It should be remembered that “Cloward and Piven” and all the rest of the Legion (Legion of Devils) of “intellectuals” working to destroy “capitalist” society were not just sadists (although they often did have a sadistic streak) – they believed that if they destroyed “capitalist” society with a mixture of cultural destruction (the “Social Revolution” from the 1960s onwards) and benefits and services leading to growing government spending that would crush the “capitalist” economy, a wonderful new society would arise in the place of the destroyed “capitalist” society.
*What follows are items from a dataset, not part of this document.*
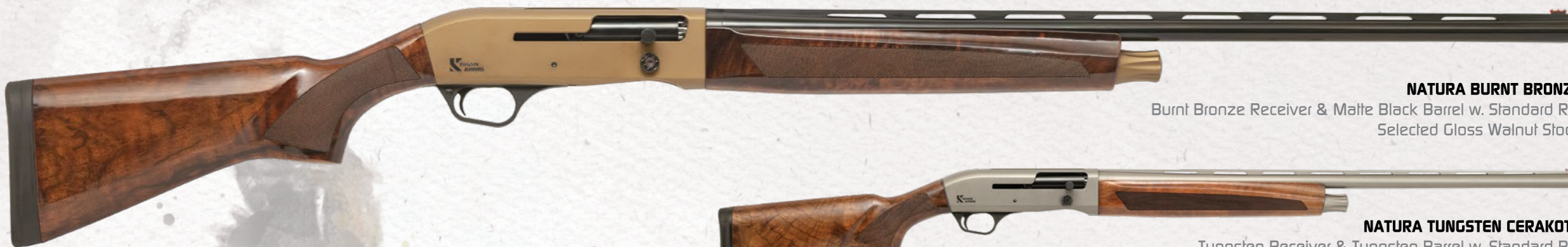
NATURA BURNT BRONZE Burnt Bronze Receiver & Matte Black Barrel w. Standard Rib Selected Gloss Walnut Stock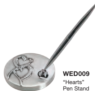
WED009 "Hearts" Pen Stand with Pen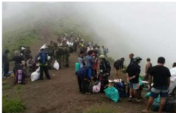
Figure 4 Some Mountain Climbers Brought Big Plastic Bag for Collecting Garbage

In the second paragraph, kompas.com indicates Trashbag Community already had a record of environmental problems on mountains area in Indonesia. Trashbag Community is a community for nature lovers who very care about the cleanliness of the environment in the mountains, forests, beaches, and the sea as tourist attractions in Indonesia. The community has a slogan: Keep Our Mountain Green and Clean.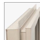
Pre-punched nailing fins and integrated J-channel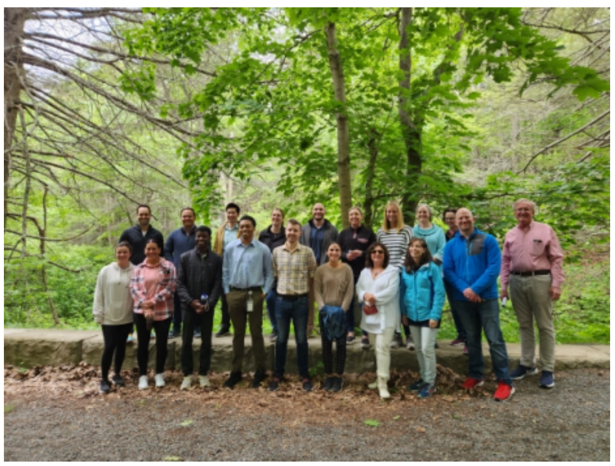
AMG Walk Participants at Beverly Commons, Beverly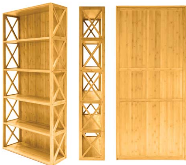
Stackable Bookcase, 5 Bookshelves

So the academics and officials (and so on) were not just destroying society for the love of (pleasure in) destruction and creating suffering – they were destroying “capitalist” society in order that a better society could replace it (or so they told themselves).
The present international elite (Dr Schwab, Bill Gates….. and all the rest) are not followers of Karl Marx – they have more in common with Henri Saint-Simon, but they also believe they are creating a “Better World” (TM), that what they do is NOT just motivated by sadistic pleasure in causing suffering.
The UBI is part of the plan – most people are to be dependent on benefits to be paid in digital currency (certainly NOT physical gold or silver) – to be spent in a set amount of time.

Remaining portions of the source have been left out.